An investment in our common stock involves a high degree of risk. You should carefully consider the following risks and all of the other information contained in this prospectus before deciding to invest in our common stock. Our business, financial condition and results of operations could be materially and adversely affected by any of these risks. The risks described below are not the only ones facing us. Additional risks not presently known to us or which we currently consider immaterial also may adversely affect us.

Risks Related to the Oil and Natural Gas Industry and Our Business

Our business is difficult to evaluate because we have a limited operating history.

We were incorporated in Delaware on December 30, 2011. All of our historical oil and natural gas assets, operations and results described in this prospectus are currently those of Windsor Permian, which is an entity controlled by our equity sponsor, Wexford. Immediately prior to the closing of this offering, Windsor Permian will become our wholly-owned subsidiary and we will acquire the oil and gas assets of Gulfport located in the Permian Basin in the Gulfport contribution. The oil and natural gas properties of Windsor Permian, Gulfport and Windsor UT described in this prospectus have been acquired by Windsor Permian, Gulfport and Windsor UT since December 2007. As a result, there is only limited historical financial and operating information available upon which to base your evaluation of our performance.
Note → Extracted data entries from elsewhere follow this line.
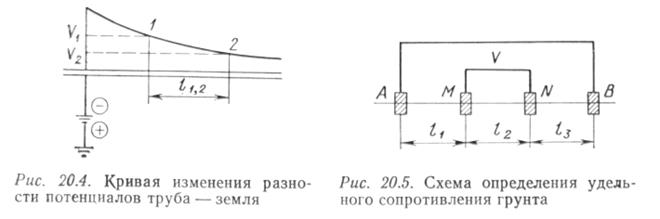 рт — удельное электрическое сопротивление трубопровода (для •стали рт = 0,135 Ом-мм2/м); Дп, /)вн — наружный и внутренний диаметры трубы; Ѵ\ и Ѵ2 — разности потенциалов труба -земля в точках /, 2 (рис. 20.4):
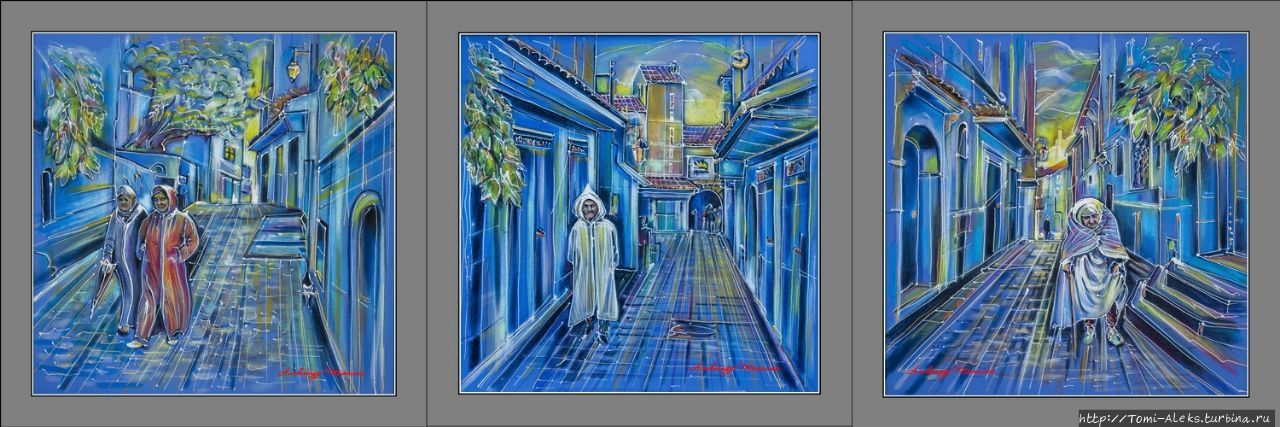 Здесь мы видим весь триптих. Я специально использовал для картин синюю ткань — французский креп, из которой женщины любят шить платья. А нарисованы все три картины корейской масляной пастелью и контурами по ткани. Вот такая эклектика. Интересно, что город определенную часть своей истории был частью испанского Марокко, центром которого был средневековый Тетуан.
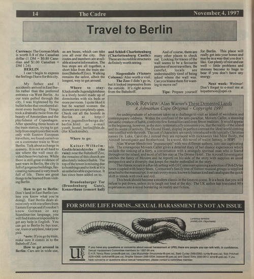 Title The Cadre -- 1997-11-04 -- Page 14 Date Issued 1997-11-04 Language English Type Text Genre Page Extent 1 page Rights This material has been made available for research, education, and private use only. Publication, distribution or commercial use of the material requires permission from the copyright holder. Member of The Cadre -- 1997-11-04 Digitization Agency Robertson Library, UPEI Owning Repository Robertson Library, UPEI

We may have difficulty managing growth in our business, which could adversely affect our financial condition and results of operations.

As a recently-formed company, growth in accordance with our business plan, if achieved, could place a significant strain on our financial, technical, operational and management resources. As we expand our activities and increase the number of projects we are evaluating or in which we participate, there will be additional demands on our financial, technical, operational and management resources. The failure to continue to upgrade our technical, administrative, operating and financial control systems or the occurrences of unexpected expansion difficulties, including the failure to recruit and retain experienced managers, geologists, engineers and other professionals in the oil and natural gas industry, could have a material adverse effect on our business, financial condition and results of operations and our ability to timely execute our business plan.

Approximately 74% of our net leasehold acreage is undeveloped, and that acreage may not ultimately be developed or become commercially productive, which could cause us to lose rights under our leases as well as have a material adverse effect on our oil and natural gas reserves and future production and, therefore, our future cash flow and income.

Approximately 74% of our net leasehold acreage is undeveloped, or acreage on which wells have not been drilled or completed to a point that would permit the production of commercial quantities of oil and natural gas regardless of whether such acreage contains proved reserves. In addition, many of our oil and natural gas leases require us to drill wells that are commercially productive, and if we are unsuccessful in drilling such wells, we could lose our rights under such leases. Our future oil and natural gas reserves and production and, therefore, our future cash flow and income are highly dependent on successfully developing our undeveloped leasehold acreage.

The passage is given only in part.